20.17 Blog #34: Zoetrope, mental health and Youth Theatre

I remember reading a book about Mindfulness.  One Mindfulness exercise is to focus on breathing, to slow down, take time to fall into a rhythm, break the tension and be meditative in order to not get overwhelmed with negative thoughts.  If the thoughts get too over-powering, just pull yourself back to the breathing.

The instructions about focusing on breath, being aware of your whole body and checking for tension and stress all seemed familiar to me.  Doing the exercises unlocked a little memory in the back of my head:  I had, at one point, laid on the floor and moreorless done this exercise before.  It wasn’t called Mindfulness, it wasn’t presented as something for mental health either.

It was a Youth Theatre session, back when I was around 16-18.  It was preparing for a run of a show, or possibly for an intensive rehearsal.  Or maybe even at the end of a long rehearsal.  It was about calming down, finding a focus and making sure mentally, as well as physically, we were in tune with ourselves.  It’s something I have used with my youth theatre groups over the years as a practitioner.
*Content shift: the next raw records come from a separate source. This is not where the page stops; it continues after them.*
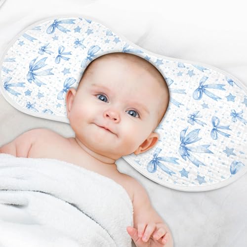 xigua Blue Bows Muslin Baby Burp Cloths Set of 2, Super Soft & Absorbent Burping Rags, Cotton Burp Clothes Shower Gift for Newborn, Baby Girls and Boys 6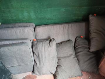 Hierbij bied ik een set tuinkussens aan. Het zijn grijze kussens, sommige zijn zitkussens en andere zijn rugkussens. Ze hebben een oranje labeltje aan de zijkant.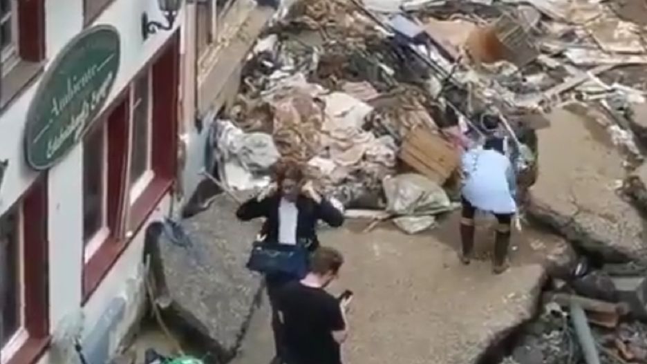 Prezenterka pokazała materiał z miasta Bad Muenstereifel, gdzie wystąpiła całkowicie pobrudzona błotem. Opowiadała o tragedii, jaka nawiedziła Niemcy i o cierpiących ludziach, którzy utracili wszystko, co mieli. Wzywała widzów, aby również włączyli się do pomocy.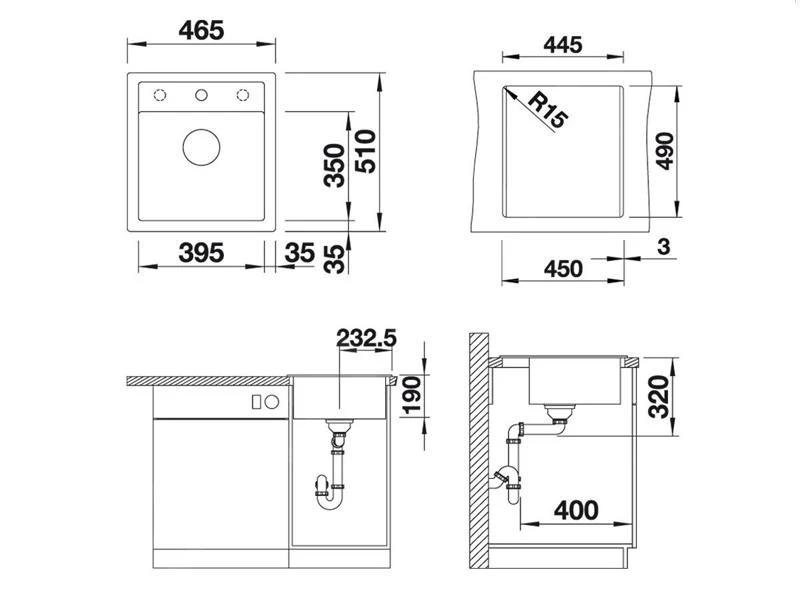 Lavello da cucina Dalago 45, con eccentrico (pulsante di azionamento dello scarico)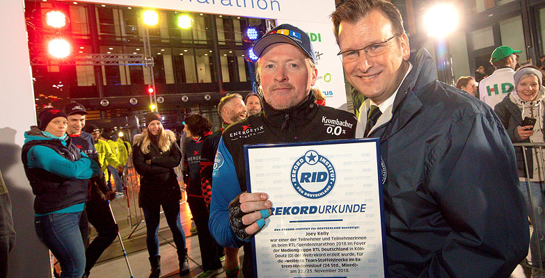 Durch die ständige Bewegung auf der Strecke schmerzten den Rekordanwärtern bald alle Muskeln. Trotz zunehmender Erschöpfung und nächtlicher Kälte blieben die Teams rund um Joey am Ball: Die erforderliche Mindestanforderung von 2.000 km an kumulierter Team-Distanz konnte weit übertroffen werden. Alle Läufer gemeinsam legten in 24 Stunden die Strecke von 3.435,8 km zurück und wurden dafür am 23. November 2018 von RID-Rekordrichter Olaf Kuchenbecker mit einer Rekordurkunde ausgezeichnet, die Joey Kelly stellvertretend für alle Sportler entgegennahm.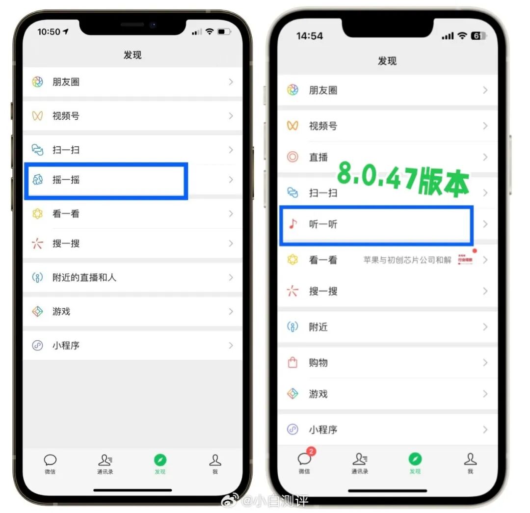 如上图所见,8.0.47版本下,微信发现页不再看到“摇一摇”,新增“听一听”界面。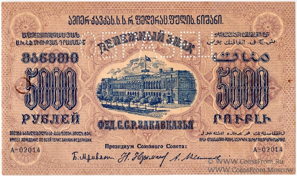 5.000 рублей 1923 г. ОБРАЗЕЦ (реверс)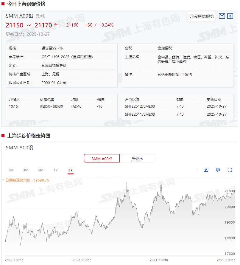 值得一提的是,2025年三季度铝价相比往年有所上涨,因此多数企业三季度净利润同比多有不同程度的提升。据SMM现货报价显示,2025年三季度SMM A00铝现货均价报20711元/吨,较2024年三季度的19560元/吨上涨1151元/吨,涨幅达5.88%。

I don’t remember ever hearing the term ‘mental health’ when I was a teenager at school.  I knew people got depressed.  But not the nuance, nor the universality that everyone if affected by mental health problems at some point in their lives.  I remember being aware there was a number you could ring at my University if you needed someone to talk to.  I never did, but I really appreciated its existence.  It seems so clichéd to say, but these days young people today are so much more clued up to mental health issues.

On Saturday I went to see Zoetrope, a West Yorkshire Playhouse Youth Theatre production written by Rebecca Manley and directed by Gemma Woffindon.  A Zoetrope is device which, pre-dating cinema, creates the illusion of movement with a sequence of phases of motion.  A spectrum.  And the characters in the play represented a spectrum of mental health, all denoted by a colour of the rainbow.  These characters were accessible and well-defined, but not stereotypes or caricatures.  They were masterfully portrayed by the young cast who each embraced something unique and tangible about these 7 young people dealing with anger issues, an eating disorder, depression, self-harm, voices and alcoholism to name but a few.  The pace of the show meant we were never overwhelmed, except at key moments when the revolving stage showed intense situations, both within a characters minds and outside in the social world.

The rest of the cast provided the chorus of parents, doctors, nurses, support workers, solicitors and school friends that influenced the lives of these characters.  The power of a tight ensemble presented a clockwork world of formality, with one well-choreographed burst of energy in the middle of the show at a frantic house party.



Plenty of warm moments of humour and camaraderie were balanced with dark, almost hopeless, undertones making a rewarding 67 minutes of strong youth theatre, with a heart-stoppingly powerful penultimate scene followed.


I know that schools are also talking about mental health, and that it’s becoming much more mainstream to talk about these issues, rather than hide them away.  And it’s incredibly stirring that this is being presented through the diverse genre that is youth theatre.


1 comment:

  1. Makes me wish even more that I'd been there. Thanks for the insight into this show. Will post a link to TATA.